We nearly cut it because we werent sure it would play but decided to back ourselves.

shadyshadok1 karma

Have you already a fix idea of your next game? Will it also be Full Motion Video?

notgamesltd6 karma

Andy: We don't know what our next game is going to be but we're definitely not done with FMV. We've bought all this filming equiptment... seems a shame not to use it... :)

vo1tis1 karma

Hey guys ^^ !

I love your game, it's a really interesting way to create video games (link a game and reality with Videos, etc.)

I had a few questions:

1- How have you been inspired about the scenario, and the game mechanics ?

2- Do you have any plans to be published to others stores (such as EpicGameStore, Origin) ?

3- What was the hardest scene to produce ?

4- Would you like to create more games, in the same or in a new universe in the future

notgamesltd3 karma

  1. We started with a drawing of a TV broadcast room and grew it organically from there. The scenario was born out of a logical progression - what TV show is always live and on loads - The News? Okay, so the story will be political/satirical.
  2. We're on Gog and Epic now. I think Origin is for one specific publisher, isn't it? These decisions are made by our fabulous publisher tinybuild, but I'm sure they're as keen as we are to get it in front of as many players as possible.
  3. Al: The Nightly Show. Den: The Level 7 Memorial Service. Andy: The Nightly Show. Jay: The Team Awards.
  4. Yes, probably in a universe parallel to this.

PrizePick1 karma

Do you have any favorite Indie games? Not any that necessarily inspired the Not For Broadcast but Any that found comforting or entertaining during this or the past year?
I'd be pretty interested to know if have any in the wholesome Genere of Indie Games :)

notgamesltd3 karma

Alex: I know I'm late to the party but I've been obsessed with Outer Wilds recently.

Den: Thomas Was Alone

Jay: The Outer Wilds too!

Andy: Don't Starve together or Human Fall Flat

_Ellwill_1 karma

Question for Jay, will full versions of the songs featured in the New Future Album advert in Episode 3 be featured on the OST? 'Betterment' and 'Masque' in particular?

notgamesltd3 karma

Sadly not. Everything I recorded for those songs is on the OST - it's more than is in the advert but not by much!

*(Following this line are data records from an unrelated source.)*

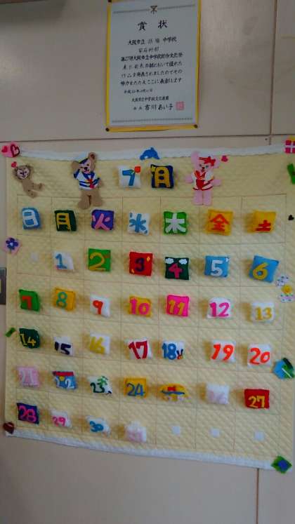 家庭科部の作品です。干支のタペストリーを作っています。2枚目の写真は去年の作品です。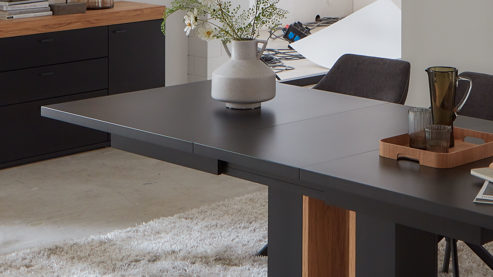 Mit den schwarzgrau lackierten Melaminoberflächen und der akzentuierenden Absetzung in furnierter, geölter Risseiche präsentiert sich der qualitativ hochwertige Auszugtisch aus dem Wohnmöbelprogramm Messina betont modern designt.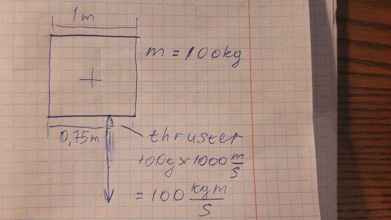 Say we have a squared satellite weighting 100kg, 1 meter on each side. it has a thruster on it's side, shown in picture
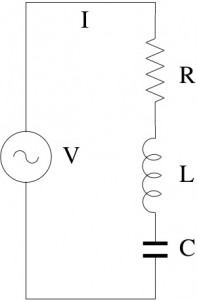 You can see several instances of different kinds of components, connected in certain ways and with annotations, typically referring to (physical) quantities related to electricity. I want to elaborate a little bit more on electrical circuits and maths. To that purpose, let's use a simpler schema, which we all have probably got acquainted with at high school, the so-called RLC circuit.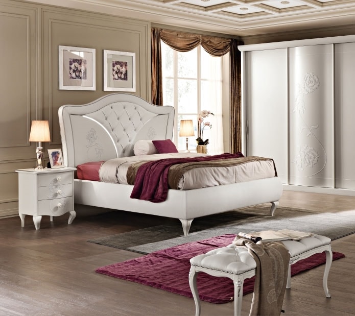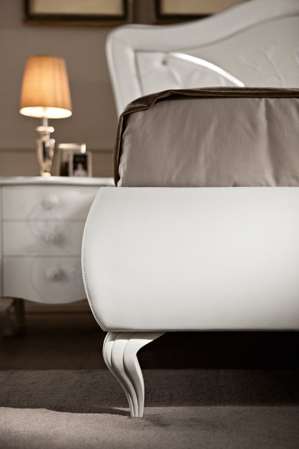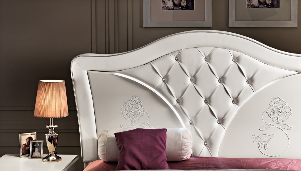 Bett-Mod. Brigitte, Kopfteil bestehend aus zwei Seitenwänden aus matt weiß lackiertem Holz mit zentraler handgefertigter Dekoration, gepolstert mit Capitonè und weißem Kunstleder mit Swarovski-Einsätzen. Hoch gepolsterter Bettrahmen aus weißem Kunstleder mit Behälter und Netz inklusive. Auf dem Kopf geführt.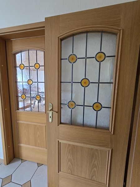 Der barrierefreie Wohnbereich im Erdgeschoss (ca. 130 m²) ist durch eine hübsche Kombination aus Glas und Holz mit Tür zum Treppenhaus abgetrennt. Das Erdgeschoss verfügt über eine großzügige Diele, zwei Schlafzimmer, ein Gäste-WC, ein Tageslichtbad mit BD, Badewanne und Dusche, eine Küche mit integrierter Einbauküche, zwei Abstell- und Vorratsräume und ein großzügiger Wohn- und Essbereich mit Zugang zum Garten und zur Außenterrasse.Hochwertiges Ein- oder Zweifamilienhaus – entscheiden Sie die Nutzung selbst – zwei Garagen und Garten inklusive!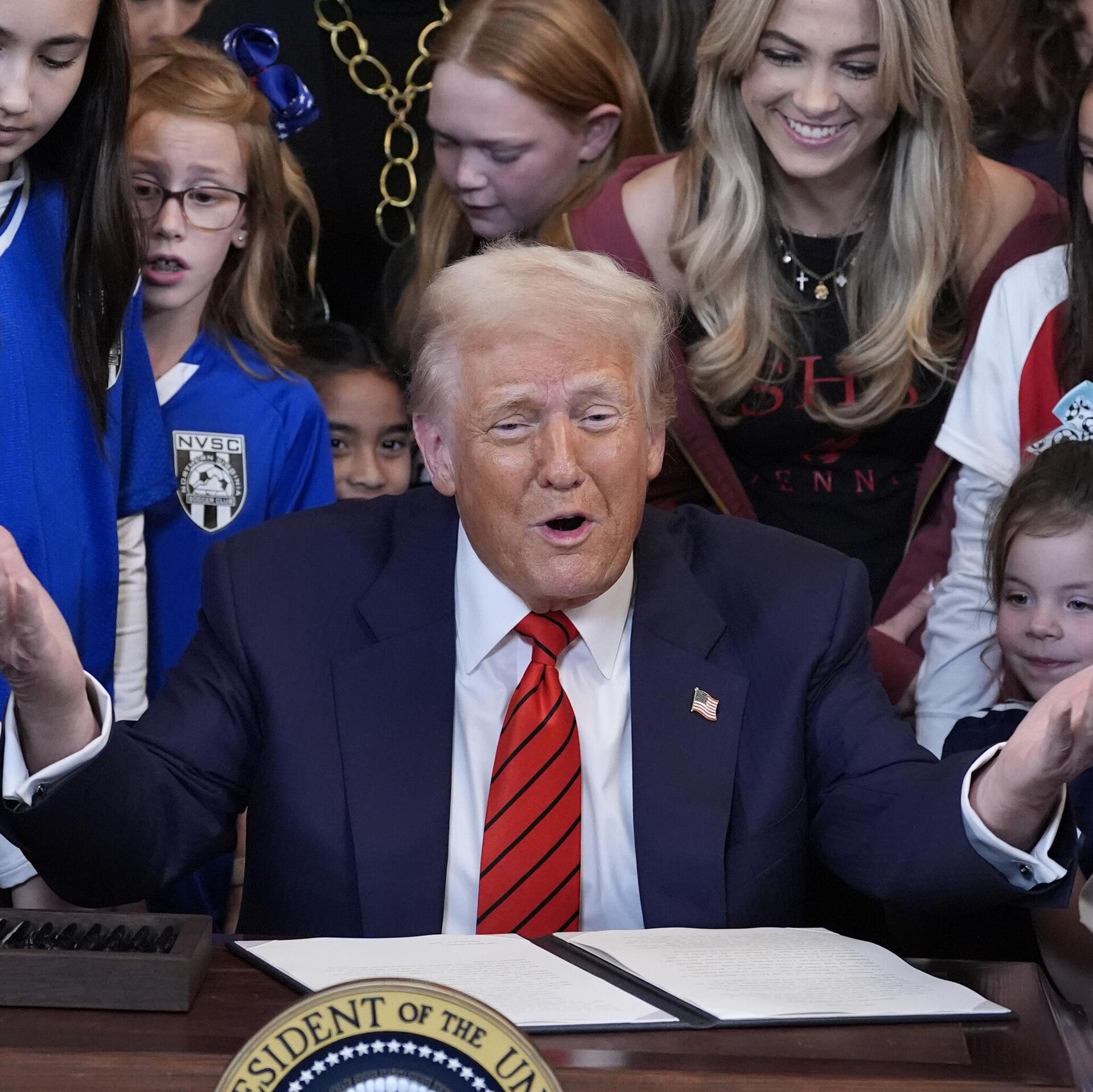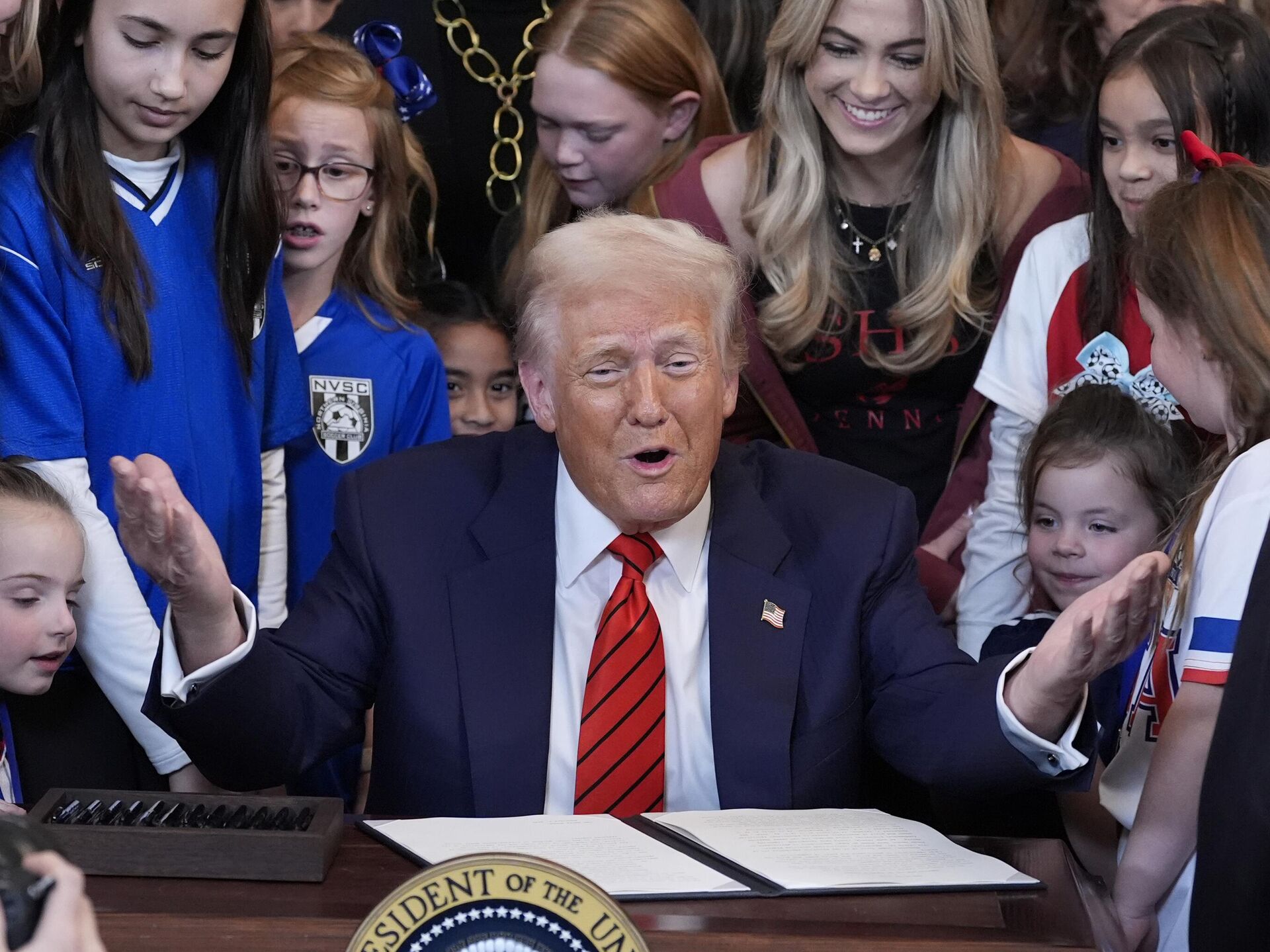© AP Photo / Alex BrandonПрезидент Дональд Трамп подписывает указ, запрещающий трансгендерным спортсменкам участвовать в соревнованиях среди женщин и девушек, Вашингтон, США

I'd love to finish Betterment, but fear I might ruin it! Masque, being a Vogue pastiche, probably sounds very similar throughout.

thedarkreaper2251 karma

Was there any moment when you guys were about to give up and stop developing the game?

notgamesltd3 karma

No. We annoyed almost everyone we knew with out stubborn refusal to give up and just did it anyway. I'm glad we did but acknowledge it could have been huge hubris.